Vers une finance plus durable : repenser la notion de valeur.
Dix ans après la crise financière, les dangers pesant sur le système financier auraient-ils changé de visage ? C’est en tout cas ce qu’avance les défenseurs d’une finance plus durable, parmi desquels le Président de la République française Emmanuel Macron. Invité par la Commission européenne à l’occasion d’une conférence sur la finance durable en mars 2018, il rappelait que « le risque est au coeur de la finance. Les investisseurs doivent mesurer plus systématiquement ce qu’est le risque climatique et ses conséquences financières. ».

Un mouvement de fond

Ne se contentant pas de mobiliser politiquement autour de la promotion de la finance durable, la Commission européenne en fait un nouveau chantier d’envergure pour les années à venir. Emboitant le pas au Comité de Stabilité financière (Financial Stability Board – FSB), qui a publié en juin 2017 des recommandations sur les déclarations financières liées au climat, elle entend faire évoluer la manière dont sont évalués les risques financiers. L’objectif affiché est de mieux prendre en compte les externalités négatives liées au changement climatique, mais aussi aux nouvelles exigences sociales et de gouvernance, pour faire des marchés financiers un vecteur des changements sociétaux.
Comme cela avait été le cas après la crise de 2008, la principale arme à la disposition du législateur européen est la réglementation prudentielle, mais pas uniquement. Dans son plan d’action sur la finance durable, publié en mars 2018, la Commission européenne dévoile sa feuille de route pour mettre en place de nouveaux mécanismes d’évaluation de la valeur d’un produit financier. Elle propose ainsi l’élaboration d’une taxonomie, sorte de grille d’évaluation commune, qui permettra de noter les investissements comme plus ou moins durables. Un système de label est également envisagé à moyen terme. La seconde étape étant, naturellement, d’associer des contraintes réglementaires plus exigeantes aux investissements les moins durables.

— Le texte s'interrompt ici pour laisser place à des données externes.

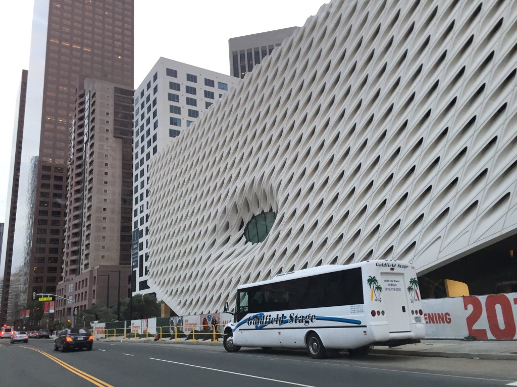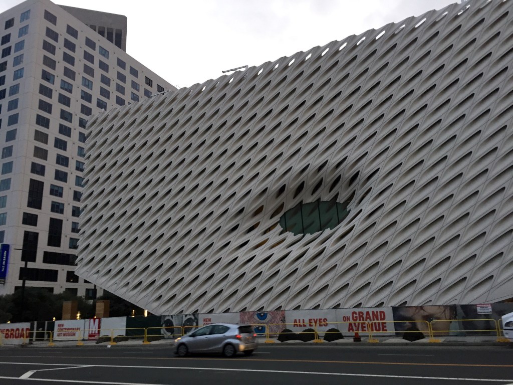 The edgy contemporary architecture of the newly constructed Broad Museum building, a new contemporary art museum in Downtown Los Angeles. The building was designed by the architecture firm Diller Scofidio + Renfro. The museum will open in September 2015.

Des propositions concrètes

Si ces projets de la Commission européenne peuvent parfois sembler abstraits, leur impact sera pourtant tangible à moyen terme. A la suite de son plan d’action, la Commission européenne a publié plusieurs propositions législatives, dont une proposition de règlement visant à créer une nouvelle catégorie d’indices de référence bas carbone. La Commission a également modifié des actes délégués de MiFID II et de la directive sur la distribution d’assurance (DDA) pour imposer d’inclure les facteurs environnementaux, sociaux et de gouvernance (ESG) dans les conseils fournis aux investisseurs.
L’objectif politique est double : diriger les flux financiers vers la transition écologique, et anticiper le coût financier – potentiellement assorti d’une dimension systémique – des risques de durabilité. Pour y arriver, la Commission européenne entend mettre tous les acteurs du secteur financier à contribution, à commencer par les gestionnaires d’actifs et les investisseurs institutionnels. Dès mai 2018, la Commission européenne a en effet proposé un nouveau règlement révisant les devoirs fiduciaires et d’information des gestionnaires d’actifs afin que les critères ESG soient mieux pris en compte. L’objectif est clairement de modifier la manière dont les professionnels du secteur mesurent la valeur et les risques lorsqu’ils investissent, en resserrant les exigences réglementaires autour du processus de prise de décision.
Ainsi, le virage vers une finance plus durable, loin d’être une simple tendance règlementaire, se dessine comme une véritable lame de fond dont les premiers effets se font d’ores et déjà sentir. Il a de plus le mérite de nous rappeler que les politiques européennes en matière de services financiers ne sauraient être efficacement considérées en dehors de leur contexte politique plus général, en l’occurrence de la promotion du développement durable dans tous les secteurs de l’économie.